If I want to buy stocks at current price, I sold some put options to get a lower price or just net the proceed for free.


No argument with those, but both of those strategies are fancier and probably harder to understand than the perpetual deep-in-the-money calls approach, which is basically just taking out an uncallable loan (a couple of years at a time) in order to be long some more shares.

For years I just kept rolling my calls, either rolling out, or rolling out-and-up. Every so often the stock price would be high and I could roll up to a higher strike for a very reasonable interest cost, throwing off a lot of money, which I happily spent.

This just meant I had the upside on more Berkshire shares than I would otherwise have had, at the cost of the implied interest rate.
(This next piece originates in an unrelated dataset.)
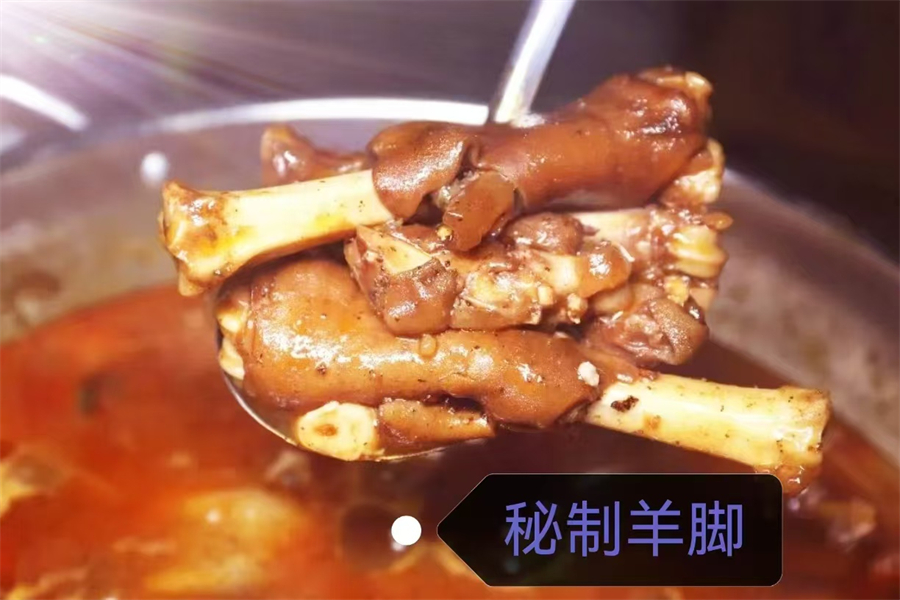 秘制羊脚:鲜羊脚经秘制卤水卤制加工,肉质鲜嫩丝滑、卤香十足。

I would generally think of the alternatives as 100% of that position size in Berkshire shares, versus 50% in Berkshire shares and 50% in call options with 2:1 leverage. The latter gives you the upside on 1.5 times as many shares, at the cost of interest on the cost of that extra 50%. (don't forget that the implied interest cost is on only the *extra*, not the whole position). So if Berkshire rises in price on average at (say) 9%/year, and you're paying an implied interest rate of 6%/year, the "interest" is 6% on 1/3 of the shares controlled, or 2% on all of them, so you make on average 9-2= 7%/year on 1.5 times as many shares, 7*1.5= 10.5%/year on your cost basis. This can of course be pushed further with higher strike prices and/or less stock, but that example shows that how even a small amount of leverage makes a boring investment return into a quite good one.

Leverage, of course, being the main way smart people go broke. If you're going to do it, make sure the loan is uncallable and long term and cheap, and make sure the asset you buy has essentially no chance of falling in true value. If you follow those rules it's possible to make quite a lot of money without much in the way of obvious risks.